Amaya Lopez offers five points to consider before tackling that most painful of chores, compiling your CV

You are at your wits' end at work and your next holiday seems aeons away. But then a "dream job" catches your eye. You've just got time to dash off a covering letter, pop it in the post with your CV and … aarrrgh … your CV! It's completely out of date! Time to whip it into shape …

1 Stop putting it off

One of life's most tedious tasks is compiling your CV. Rather than enduring the boredom of writing and typing the blighter, you convince yourself that you won't get the job anyway. Think! If everyone takes that attitude, then yours might be the only one to land on the desk … So pour yourself a strong coffee and get on with it.
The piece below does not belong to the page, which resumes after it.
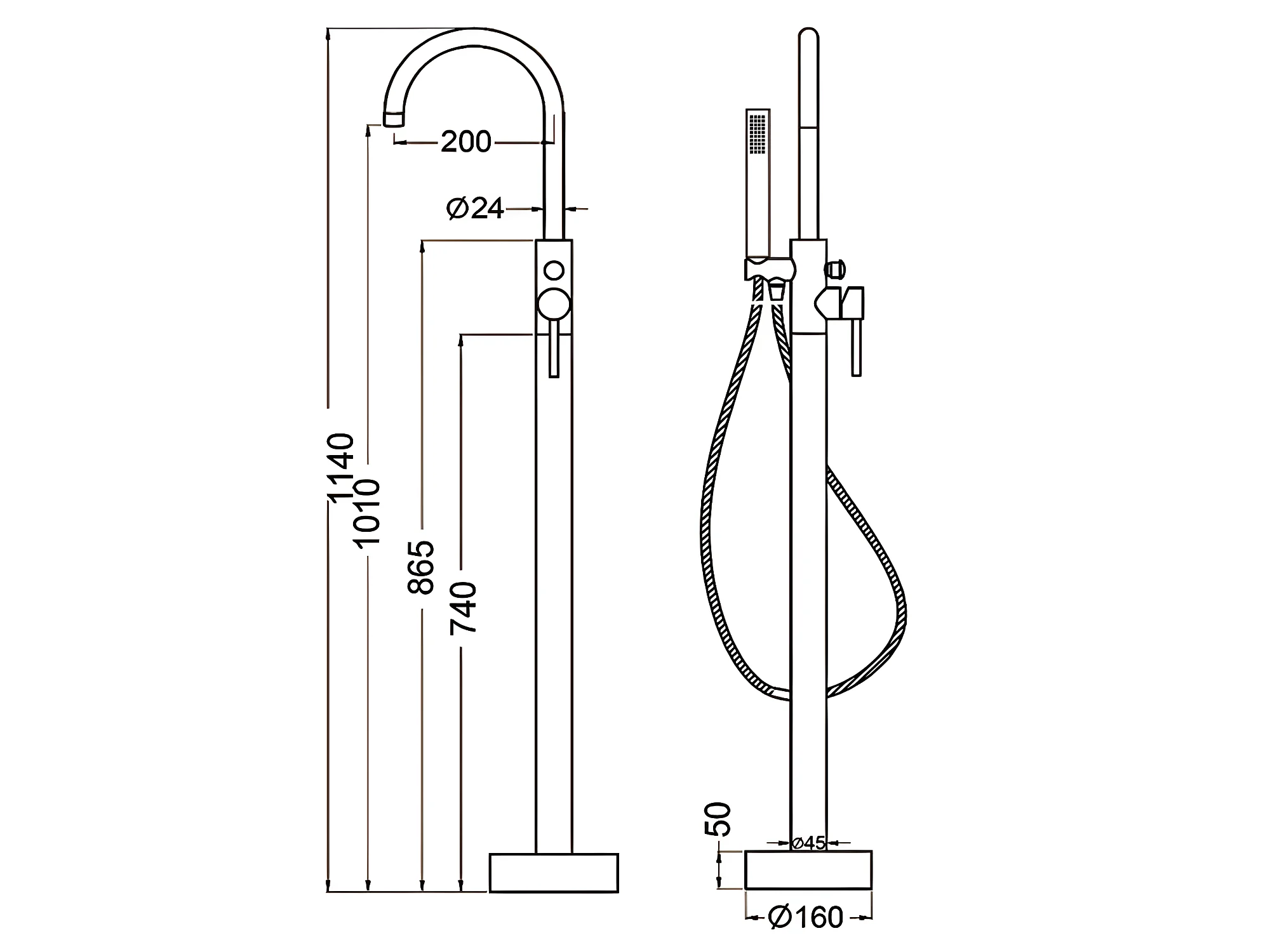 Robinet mitigeur baindouche sur pied DEBRIO noir mat

2 Start at the beginning …

Avoid the use of the words "curriculum vitae" as a heading - it's so passé. Put your name in its place, centred at the top of the first page. Do not treat the reader like an idiot by including superfluous headings, such as "name", "address" or "telephone number". On no account include your two divorces or the number of children you have. And never, ever disclose your salary, unless you want to earn less than it.

3 Sell yourself

These two words strike the fear of God into most hearts (unless your chosen career is telesales). Carefully consider the tone.
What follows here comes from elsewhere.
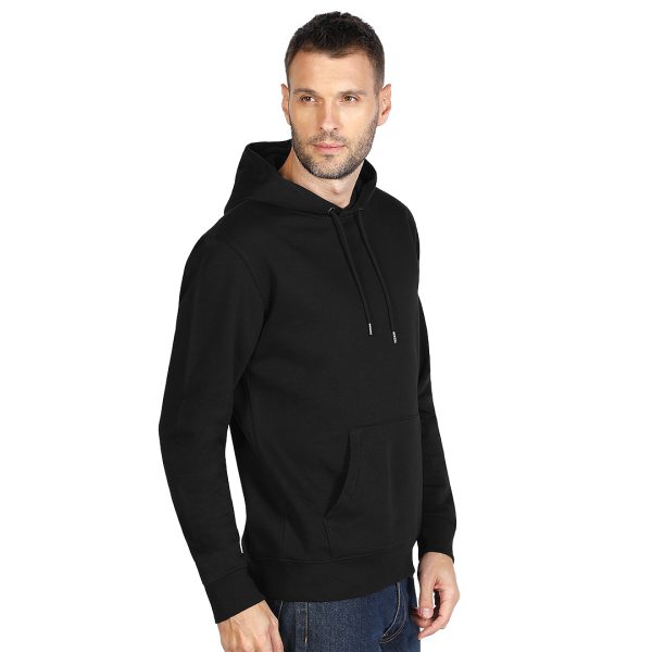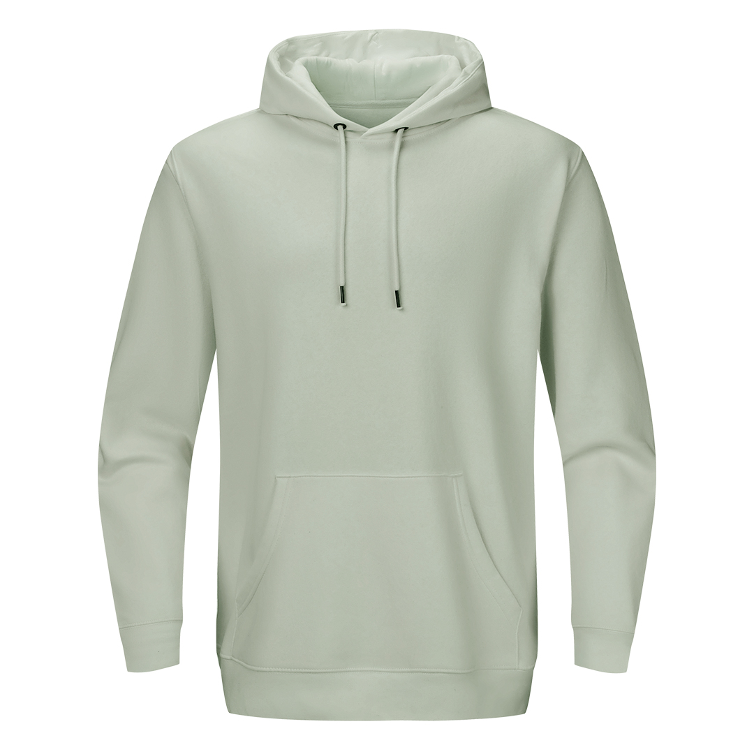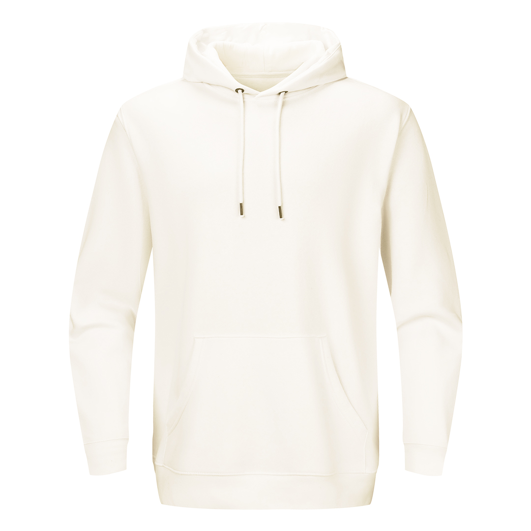 Dukserica od organskog pamuka, prednji džep, učkur u kapuljači u boji dukserice, elastične ranfle na rukavima i dnu, dodatni štepovi na ramenima, rukavima i dnu, okovratnik ojačan trakom

You have to sound confident but not cocky. You have to sell your skills. Analyse every job you've ever had and assess its relevance. With enough creative thinking, you can squeeze significant "experience" out of the most blatantly irrelevant of jobs: your time as a cashier at Netto taught you the importance of handling money, for instance. Cut out embarrassing jobs, such as your stint as Chas the Chicken at the local shopping mall, but be creative with the gaps of "not working" on your CV. A career summary at the top of the CV gives you a chance to fleetingly blow your own trumpet before the reader loses interest. Above all be brief. Never run to more than two pages.

4 First impressions

Try to imagine your CV landing on your desk at work. Look at the presentation. Does the paper look like your dog slept on it? Is the layout neat and stylish? Do the margins line up? Is the ink nice and bold or is it obvious you couldn't be bothered to buy a new cartridge? Printing your CV on good quality, heavier weight paper can make it stand out in a crowd, particularly if you plump for an off-white colour - although on no account print it on silver paper in rainbow-coloured inks. Do not use over-the-top typefaces - the curly and archaic ones look naff and the futuristic ones sound the "boffin" alarm bells. Go for something sedate and stylish. Also, if you're sending your CV by email, some computers won't be able to read unusual fonts.

5 Check it like a maniac

Check the layout. Check the spelling. Check for typos. Check the dates and the years and the content. Check it makes you cringe (a good sign). Are all those interests and hobbies really relevant? Do some suggest disturbing character traits? Delete, delete, delete … If you are printing it out, hunt around for a decent-looking envelope (preferably an A4 hardbacked one so your CV won't get creased), pop it in with the covering letter … the covering letter? … aaaaarrrgggh!